Cette dérive scandaleuse – marronnier de tous les nouveaux calendriers scolaires – est entendue à chaque fois par les ministres.

Comme monsieur Vincent Peillon en décembre 2013, le 10 février 2015, madame Najat Vallaud-Belkacem tente de rassurer le tourisme blanc qui s’inquiète de cette « dérive » et l'un de ses représentants annonce 30 000 emplois de moins pour les professionnels de la montagne si les vacances de printemps débordent sur le mois de mai.

Le ministère va donc étudier la question…

Comme le mois de mai appartient au printemps, où est la dérive ?  

Qu'un temps de repos pour les enfants, entre les vacances d’hiver et d’été, pour équilibrer les temps de classe et de congés soit au printemps, rien de plus naturel. Les dernières zones débordent sur le mois de mai pour que les premières zones ne soient pas trop proches des vacances d’hiver. Bref, un équilibre, un rythme favorable aux enfants, à tous les enfants !

N’oublions pas que la majorité des enfants ne partent jamais aux sports d’hiver. Seuls 8 % des Français partent au ski (et encore un an sur deux) et c’est pour cette minorité que la ministre de l’Éducation nationale accepte de réfléchir à une concentration des vacances d'hiver et de printemps sur les semaines où la neige fleurit pour satisfaire les entreprises touristiques !

Actuellement, il y a deux périodes de vacances pendant les mois d’hiver : celles de Noël (deux semaines) et celles d’hiver (sur six semaines). Soit huit semaines !

Ce serait insuffisant et il faudrait donc avancer les vacances de printemps !

En 2015, les vacances de printemps mordent sur le mois de mai (11 mai), ce qui ne permet même pas à la première zone qui part en vacances d’hiver, d’avoir au moins six semaines de classe après les vacances de Noël (cinq semaines en réalité). On est loin des sept semaines recommandées, mais si on resserre encore pour ne pas mordre sur mai, on tombera à quatre semaines ! Ces coupures rapprochées avec les temps de reprise brisent le rythme et réduisent d’autant les périodes favorables aux apprentissages. 

Et tout ça pour à peine 10 % des enfants qui partent aux sports d’hiver (et ce sont toujours les mêmes de vacances en vacances) ! Il faut dire qu’une semaine aux sports d’hiver pour une famille équivaut au moins à deux mois de SMIC.

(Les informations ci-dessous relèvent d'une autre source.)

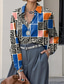 Women's Shirt Linen Like Breathable Lightweight Button Down Tunic Shirt Collar Long Sleeve Graphic Geometric Plaid Casual Work Daily s Print Blue Sky Blue Orange Brown Light Blue
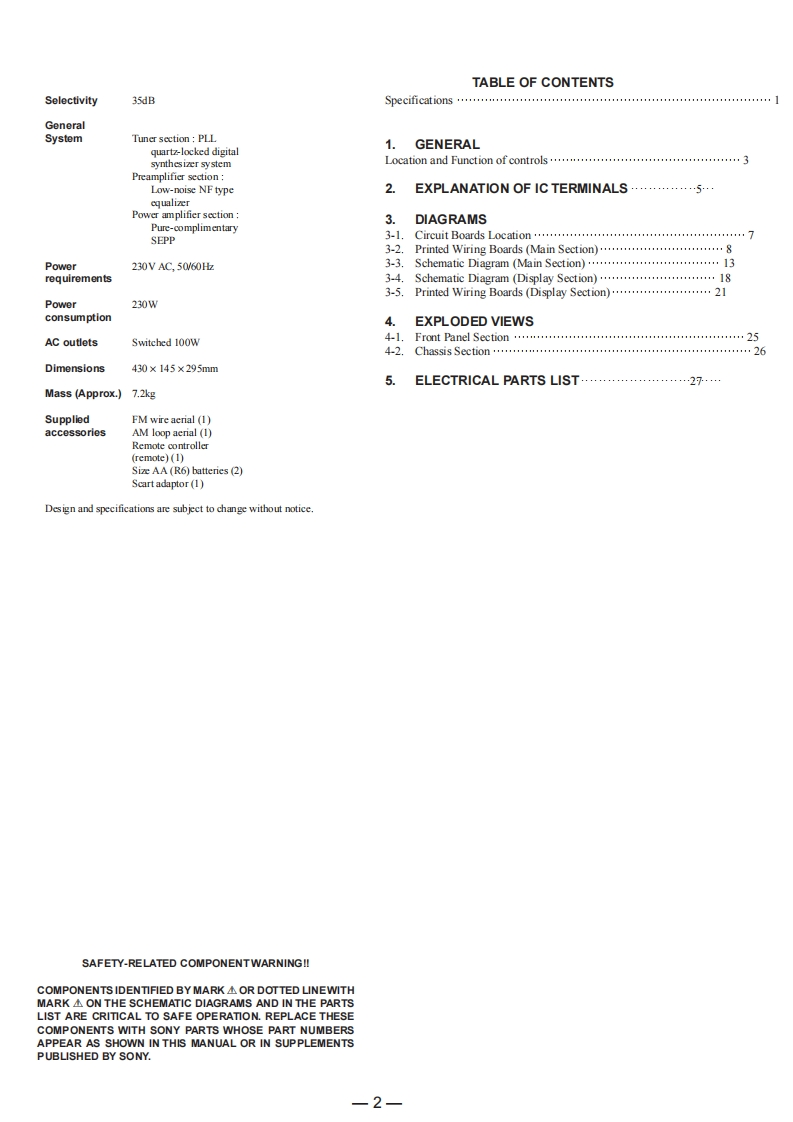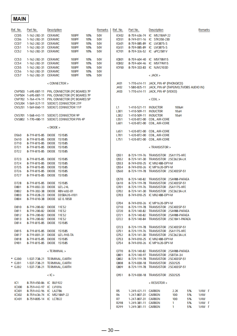 STR-DE515SERVICE MANUALAEP ModelUK ModelManufactured under license from Dolby LaboratoriesLicensing Corporation.DOLBY,'PRO LOGIC'and the double-D symbolare trademarks of Dolby Laboratories LicensingCorporation.SPECIFICATIONSAmplifier sectionOutputsTAPE/MD REC OUTUsable112dB£1uVPower outputVoltage 150mV,sencitivity/75ohms (IHF)Stereo mode(DIN IkHz,4ohms)Impedance:10kilohms110W+110WVIDEO AUDIO OUT:S/NMono 76dBVoltage 150mV,Stereo 70dBSurround(DIN IkHz,4ohms)Impedance:10 kilohmsmodeFront:90W/chWOOFERHarmonicMono 0.3%Center 90WVoltage 2Vdistortion atStereo 0.5%Rear:Impedance:10kilohms1kHz(DIN IkHz,8ohms)PHONES Accepts low30Wchand high impedanceSeparation45dB at 1kHzheadphonesFrequencyPHONO:RIAAFrequency30Hz-15kHz*5 dBresponseequalization curveMutingFull muteresponse±0.5dBTV/LD,CD,TAPE/MD,BASS BOOST+10dB at 70HzSelectivity60dB at 400kHzVIDEO,5.1/DVD:10Hz-50kHz±1dBTONE±8dBat100 Hz andAM tuner section10kHzTuning range522-1611kHzInputsSensitivity Impedance S/NFM tuner sectionAerialLoop aerial(weightingTuning range87.5-108.0MHznetwork.Usable50dB/m (at 999kHz)input level)Aerial terminalss 75ohms,unbalancedsensitivityPHONO2.5mV5074dB(MM)Kilohms72dB**SensitivityMono:183dBE2.2μVS/N54dB (at 50m V/m)(A,2.5mV)/75ohmsStereo:383dB£22.5uVCD,Harmonic0.5%(50mVm,200mV/75ohmsdistortion400Hz5.1/DVD502日TAPE/MD,Kilohms82B本本本150mVTV/LD,(A,150mV)-Continued on next page-VIDEO***78HFFM STEREO/FM-AM RECEIVERMICROFILMSONY
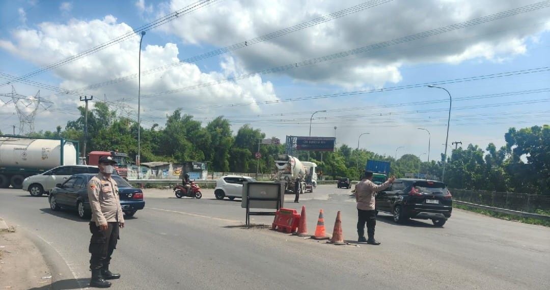 Cegah kemacetan, personil polsek cibeber lakukan pengaturan lalin
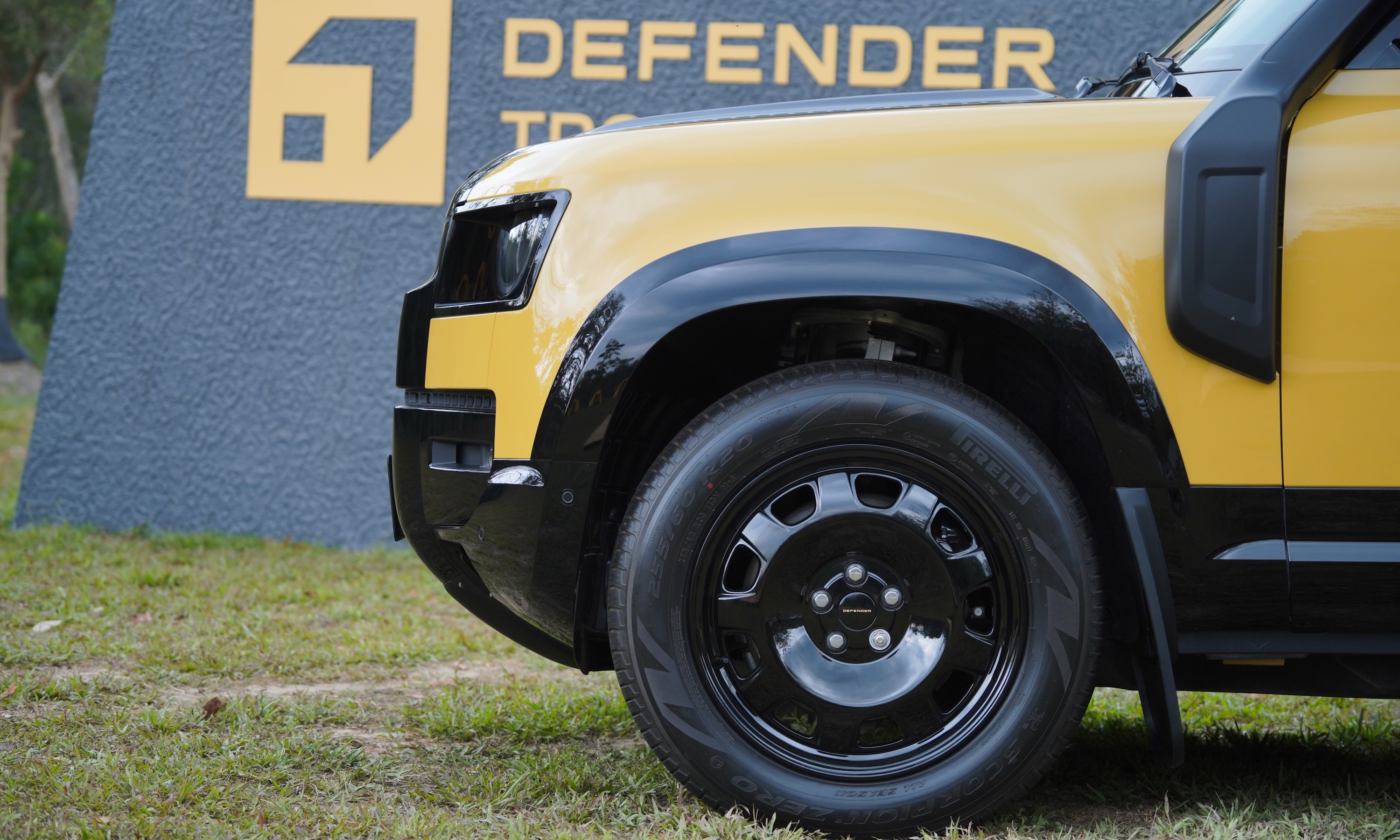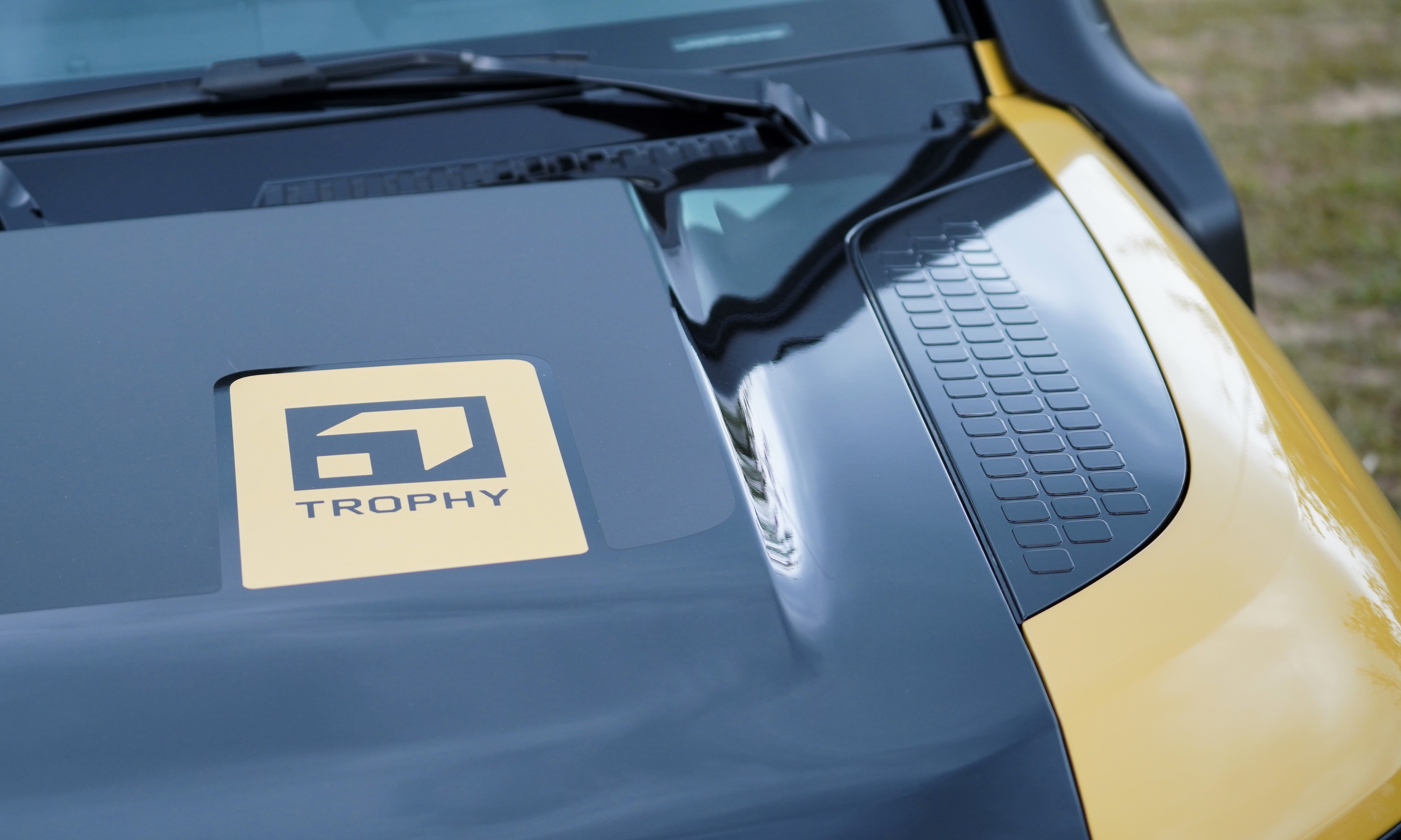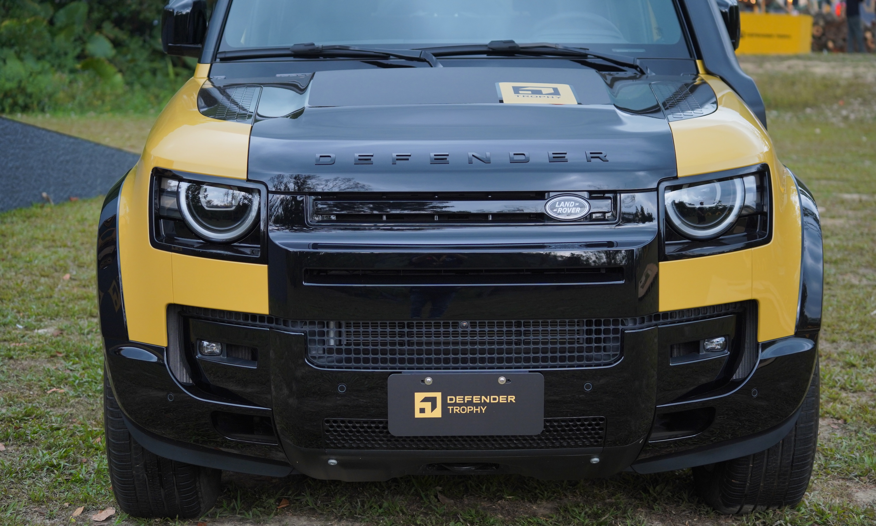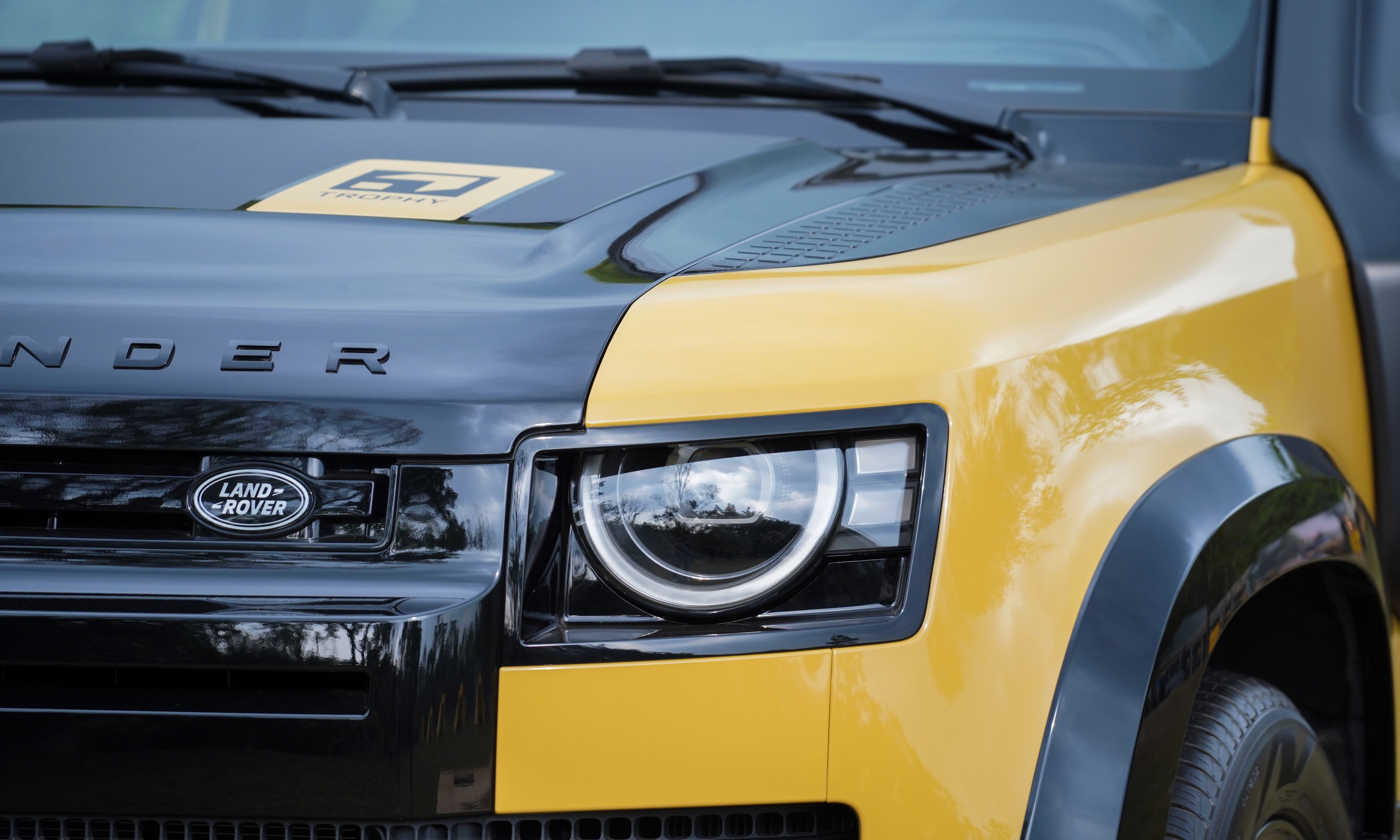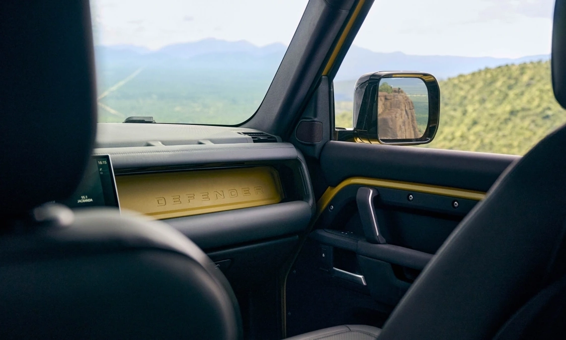 Defender Trophy competition badges are prominently displayed on the hood, C-pillar, door sills, and dashboard. The interior largely mirrors the standard version, with the exception of yellow accents running across the dashboard and doors, creating a distinctive highlight.

Et ce sont surtout les enfants pour qui l’École fonctionne bien qui partent : les enfants de familles à haut revenu, fortement diplômées, de cadres… et si peu d’enfants d’ouvriers. De plus, partir en vacances en hiver va de pair avec une vie sociale, culturelle et sportive riche. Ce sont les mêmes qui fréquentent les pistes, les cinémas, les théâtres, les activités culturelles. Et pour les autres ils n’auront guère d’activités à part la télé, l’ordinateur, les bas d’immeubles… 

Alors au lieu d’étudier des vacances de printemps à la neige, madame la ministre, étudiez ce qu’on propose à tous les enfants comme activités culturelles et sportives pendant les temps de vacances que l’Éducation nationale propose, que ce soit dans des séjours ou sur les territoires. Elles doivent retrouver l’expression « populaire » qu’elles ont perdue. Comme vous le savez, l’accès aux activités et au départ pour tous est un élément essentiel pour réduire les inégalités sociales, culturelles et donc scolaires.